The selective binding of Ca²⁺ by biological ligands compared to Mg²⁺ can be explained by the difference in their ionic radius, as we pointed out above. Also, for the smaller Mg²⁺ ion, the central field of the cation dominates its coordination sphere, whereas for Ca²⁺, the second and possibly even the third, coordination spheres have an important influence resulting in irregular coordination geometry. This allows Ca²⁺, unlike Mg²⁺ to bind to a large number of centres at once.

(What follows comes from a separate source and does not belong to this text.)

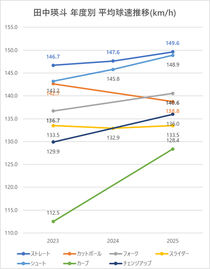 2024年と比較し、シュートの平均球速は約3km/h上昇。
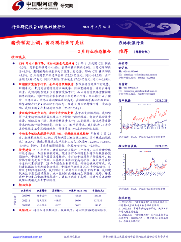 【银河证券】【20210226】20210226-中国银河-农林牧渔2月行业动态报告:猪价预期上调,黄羽鸡行业可关注-18页 行业研究

The high charge density on Mg²⁺ as a consequence of its small ionic radius ensures that it is an excellent Lewis acid in reactions notably involving phosphoryl transfers and hydrolysis of phosphoesters. Typically, Mg²⁺ functions as a Lewis acid, either by activating a bound nucleophile to a more reactive anionic form (e.g. water to hydroxide anion), or by stabilising an intermediate. The invariably hexacoordinate Mg²⁺ often participates in structures where the metal is bound to four or five ligands from the protein and a phosphorylated substrate. This leaves one or two coordination positions vacant for occupation by water molecules, which can be positioned in a particular geometry by the Mg²⁺ to participate in the catalytic mechanism of the enzyme.